Blue drove a mental knife into Nita’s black heart and stomped through the old woman’s overly decorated living room to get to the second floor. She could polish off the portrait and be on the road in a week. She’d survived a lot worse than spending a few days with Nita Garrison. This was her fastest ticket out of town.

All but one of the doors had been closed off upstairs, leaving the hallway marginally neater than the rooms below, although the pink plush carpeting needed vacuuming and a collection of dead bugs clouded the bottom of the cut glass ceiling fixtures. Nita’s room, with its rose and gold wallpaper, white furniture, and long windows elaborately swagged in rose drapes, reminded Blue of a Las Vegas funeral home. She picked up the pink sweater from a gold velvet chair and carried it downstairs through the white and gold living room, which had a velour chaise, lamps dangling crystal prisms, and wall-to-wall rose carpeting.

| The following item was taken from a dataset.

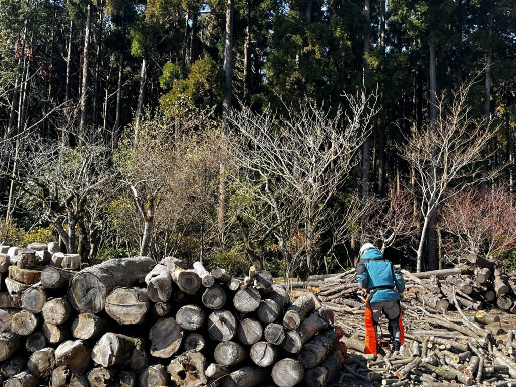 オフシーズンに乾燥させていた丸太を程よい大きさの薪に成形し準備をしておきます。

Nita shuffled into the doorway, her swollen ankles spilling over her orthopedic oxfords, and held out a set of keys to Blue. “Before you start work, you need to drive me to the—”

“Please don’t say the Piggly Wiggly.”

Apparently Nita had never seen Driving Miss Daisy because she missed the allusion. “We don’t have a Piggly Wiggly in Garrison. I don’t let any of the chains move in here. If you want your money, you have to drive me to the bank.”

“Before I drive you anywhere,” Blue said, “call off your dogs. Tell them to get back to work on Dean’s house.”

“Later.”

“Now. I’ll help you look up the phone numbers.”

Nita surprised Blue by barely putting up a fight, although it took another hour for her to make the calls, during which she ordered Blue to empty all the wastebaskets in the house, find her Maalox, and take a pile of boxes down into the creepy basement. Finally, however, Blue was behind the wheel of a sporty, three-year-old red Corvette Roadster. “You were expecting a Town Car, weren’t you?” Nita sniffed from the passenger seat. “Or a Crown Victoria. An old lady’s car.”

“I was expecting a broomstick,” Blue muttered, taking in the dusty dashboard. “How long since this thing’s been out of the garage?”

“I can’t drive anymore with my hip, but I let it run once a week so the battery doesn’t die.”

“It’s best to keep the garage door down while you’re doing that. A good thirty minutes should take care of it.”

Nita sucked on her teeth, as if she were drawing venom.

“So how do you get around?” Blue asked.

“That fool Chauncey Crole. He drives what passes for the town’s taxi. But he’s always spitting out the window, and that turns my stomach. His wife used to run the Garrison Women’s Club. They all hated me, right from the beginning.”

“Big surprise there.” Blue turned out onto the town’s main street.

“I got even.”

“Tell me you didn’t eat their children.”